What to do - Using only the entries below, copy exactly the lines that begin at the one with "Light beige bucket" and end at the one with "The watermark will", both included. Drop the pictures.

The records -
____________________
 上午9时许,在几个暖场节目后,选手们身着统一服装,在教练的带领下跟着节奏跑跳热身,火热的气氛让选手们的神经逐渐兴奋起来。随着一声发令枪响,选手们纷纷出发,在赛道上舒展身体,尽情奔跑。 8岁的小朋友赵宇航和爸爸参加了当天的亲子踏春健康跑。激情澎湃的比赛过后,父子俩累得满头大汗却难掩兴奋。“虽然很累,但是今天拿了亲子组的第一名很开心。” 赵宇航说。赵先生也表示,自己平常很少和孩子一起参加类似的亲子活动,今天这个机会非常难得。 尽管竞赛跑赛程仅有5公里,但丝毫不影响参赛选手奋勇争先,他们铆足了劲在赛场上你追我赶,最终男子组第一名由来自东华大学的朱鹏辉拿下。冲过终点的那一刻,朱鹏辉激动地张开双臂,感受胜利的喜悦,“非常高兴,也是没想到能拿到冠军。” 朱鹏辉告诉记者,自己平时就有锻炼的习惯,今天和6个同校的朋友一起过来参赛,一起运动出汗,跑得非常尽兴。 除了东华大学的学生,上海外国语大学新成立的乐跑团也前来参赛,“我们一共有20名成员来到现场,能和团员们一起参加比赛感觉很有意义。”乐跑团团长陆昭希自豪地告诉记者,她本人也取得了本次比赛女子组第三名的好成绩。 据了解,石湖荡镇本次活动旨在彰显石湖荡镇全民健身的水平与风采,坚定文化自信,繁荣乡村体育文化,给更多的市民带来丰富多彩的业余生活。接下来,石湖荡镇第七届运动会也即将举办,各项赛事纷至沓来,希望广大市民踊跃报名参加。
____________________
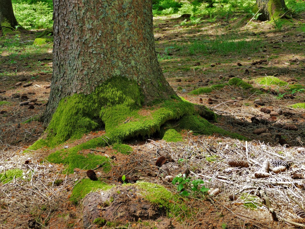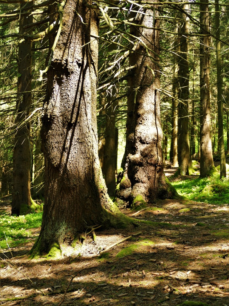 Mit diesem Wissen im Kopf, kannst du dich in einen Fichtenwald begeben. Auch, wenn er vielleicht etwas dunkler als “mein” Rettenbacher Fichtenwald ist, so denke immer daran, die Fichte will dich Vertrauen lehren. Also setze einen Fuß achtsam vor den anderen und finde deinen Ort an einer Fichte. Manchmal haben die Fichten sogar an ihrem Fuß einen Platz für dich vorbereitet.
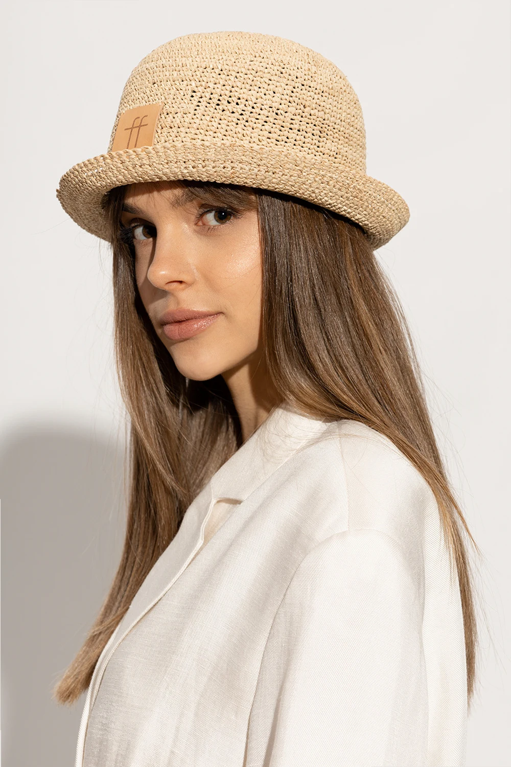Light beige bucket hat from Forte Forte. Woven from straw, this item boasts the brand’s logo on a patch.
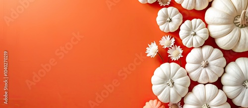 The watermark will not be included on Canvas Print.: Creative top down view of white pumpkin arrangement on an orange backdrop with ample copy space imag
____________________
Your response -
Light beige bucket hat from Forte Forte. Woven from straw, this item boasts the brand’s logo on a patch.
 The watermark will not be included on Canvas Print.: Creative top down view of white pumpkin arrangement on an orange backdrop with ample copy space imag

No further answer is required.